5: Regarding shedding, you need to raise humidity to 65-75% during shedding, but not soak before shedding. You will know he is about to shed by the belly turning pink, the snake's colors looking a little dull, and then the snake will (a few days later) look very dull with blue-gray eyes; some snakes are very defensive and frightened at this point and you may not want to hold depending on how he acts. This will pass and the snake will look normal, but a few days later you'll come in and find skin on the floor of the tank and a nice, clean, shiny snake! If any shed is left, you just put the snake in some lukewarm water and let it soak (supervised) for about 10 minutes, then let the snake slither through a damp wash rag or paper towel in your hand and it should come off just fine!


That should be just about it; if you need anything else don't hesitate to email me at Seneschal13@yahoo.com and ask. Congratulations on your first BP and first snake, and I'm sure he'll make you a wonderful pet!
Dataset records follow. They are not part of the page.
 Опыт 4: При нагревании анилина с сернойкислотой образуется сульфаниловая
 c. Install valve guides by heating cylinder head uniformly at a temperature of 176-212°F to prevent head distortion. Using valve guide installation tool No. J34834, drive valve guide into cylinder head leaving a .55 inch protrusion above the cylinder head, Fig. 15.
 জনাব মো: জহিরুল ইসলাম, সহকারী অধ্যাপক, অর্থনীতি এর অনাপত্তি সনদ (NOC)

EDIT: Whoops, I completely forgot to tell you what to do with the tin foil and duct tape! The tin foil should be double-layered and cut to cover 75-80% of the screen lid, and then taped into place, leaving a hole for the heat lamp to rest and for air to be exchanged. The lamp should be over the UTH. This is to help keep the humidity and heat up in the tank; it's hard to keep it right in glass tanks with screen lids otherwise. ^-^ Sorry for the mistake!
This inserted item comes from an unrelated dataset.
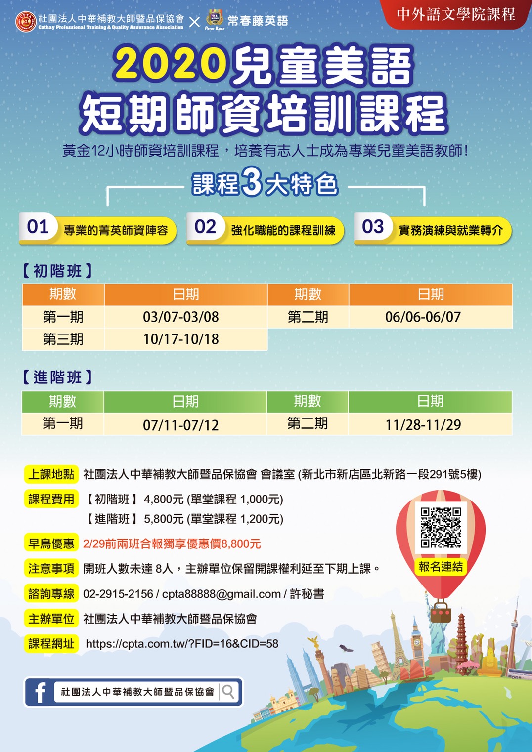 台北場 > 初階班、進階班兒童美語短期師資培訓班

a water dish large enough for him to soak in is helpful. for the bottom of the aquarium I use moss or bark. It holds moisture nicely and their skin needs moisture to shed properly. Make sure it is approved for reptiles as you dont want to cause respiratory problems. As an alternative you can mist him daily with water. As far as feeding.dont feed him in his cage. You don't want him to associate his cage with food. Second ideally you would feed pre-killed mice. If he has already eaten live food it can be almost impossible to switch back. The size mouse you feed should be about 1 and 1/2 x the largest part of his body (around obviously not length)
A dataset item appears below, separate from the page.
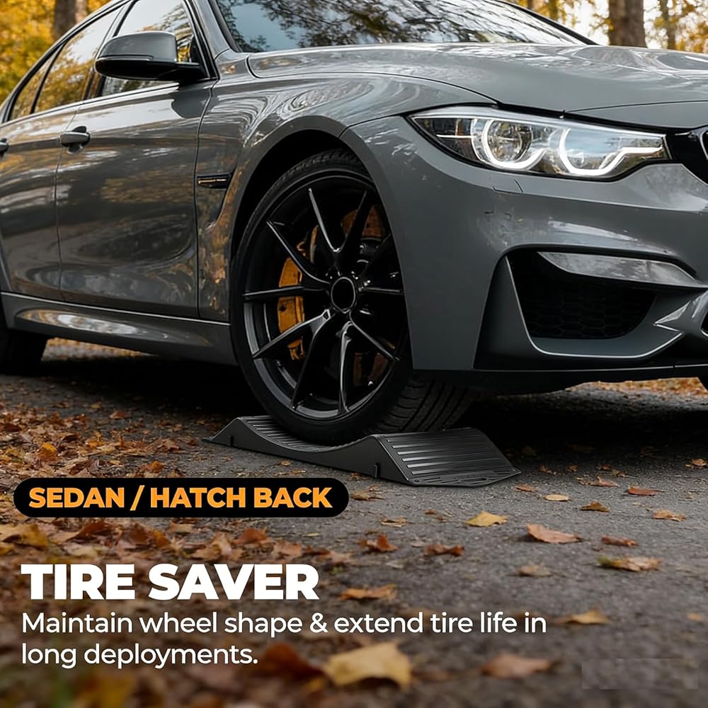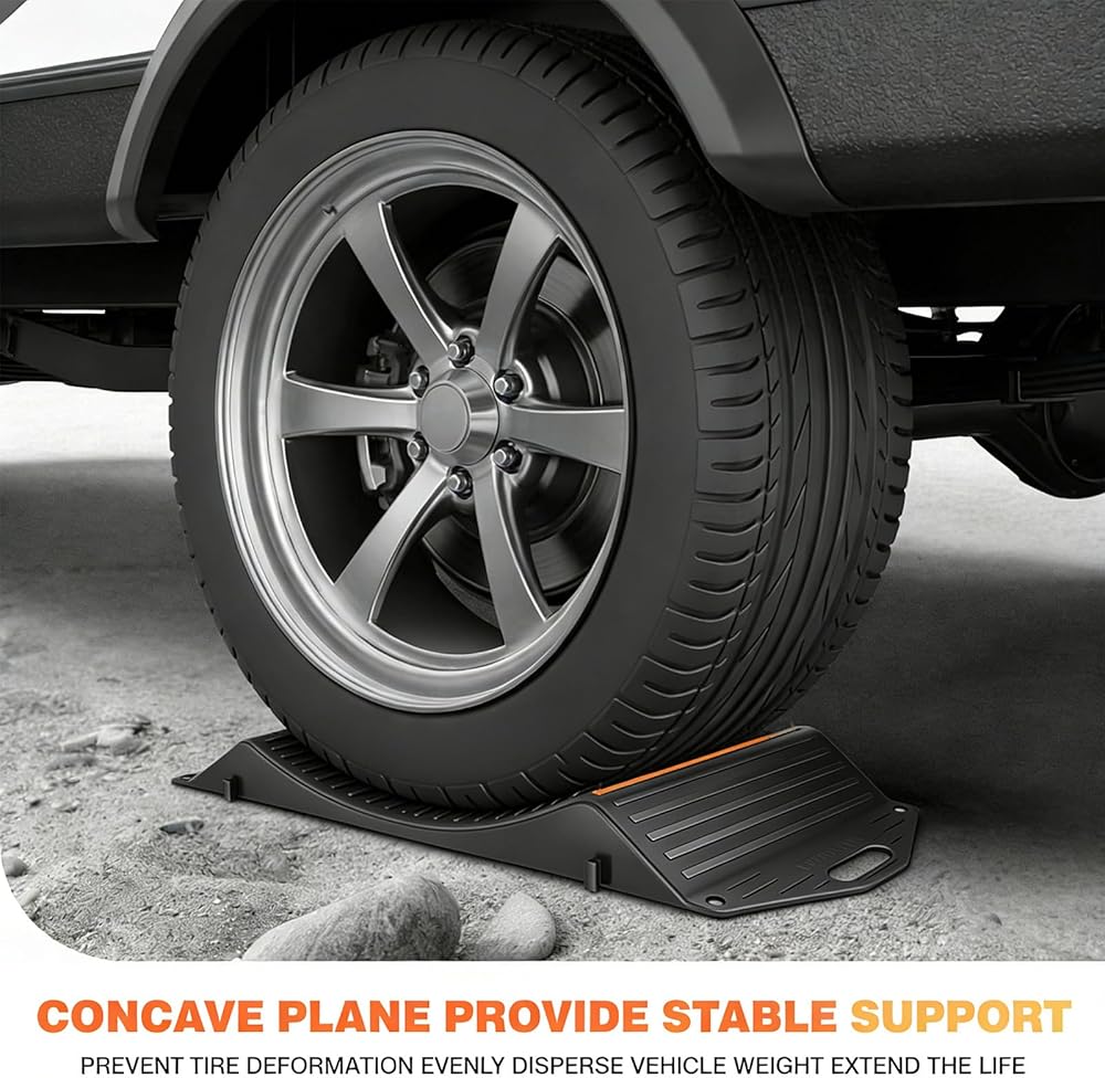 SECURE STABILITY AND FLOOR PROTECTION: Acts as a precise vehicle stopper to guide parking in tight garage spaces. By elevating tires off cold concrete floors, these ramps also prevent moisture damage and corrosion, extending the lifespan of your valuable tires

It sounds like you have the right idea don't worry a ball python is a great snake mine really likes to climb up on branches but the log is a good idea too. The water dish should be big enough for the snake to get into sometimes they like to sit in the water. Did you ask the breeder if he/she ate dead mice it is good if they can but it has to be taught when they are babies, it is only cheaper if they can live mice are more money. The once a week feedings are good while still young later you can feed every two weeks. I had a Albino Burmese python that got out of her cage and we didn't find her for about 5-6 months she was under our TV alive and hungry. Also although your ball is small snakes are very strong and get out of the cage sometimes so make sure there is a good strong latch to hold the cage closed. For example I put 6 encyclopedias and two gallons of water and my snake still could lift the lid (he was about 5 feet) so be careful. Good luck a ball isn't as adventurist as other snakes can be so you have made an excellent choice so have fun.
great choice!!ball pythons are docile and great for a first timer.
feed it frozen fully thawed hopper mice and dont handle it right after eating (wait 3-5 days).make the cage about 40 inches long and 1 1/2ft. high with a water bowl big enough for the whole snake to fit in. have a good time with your new snake!!!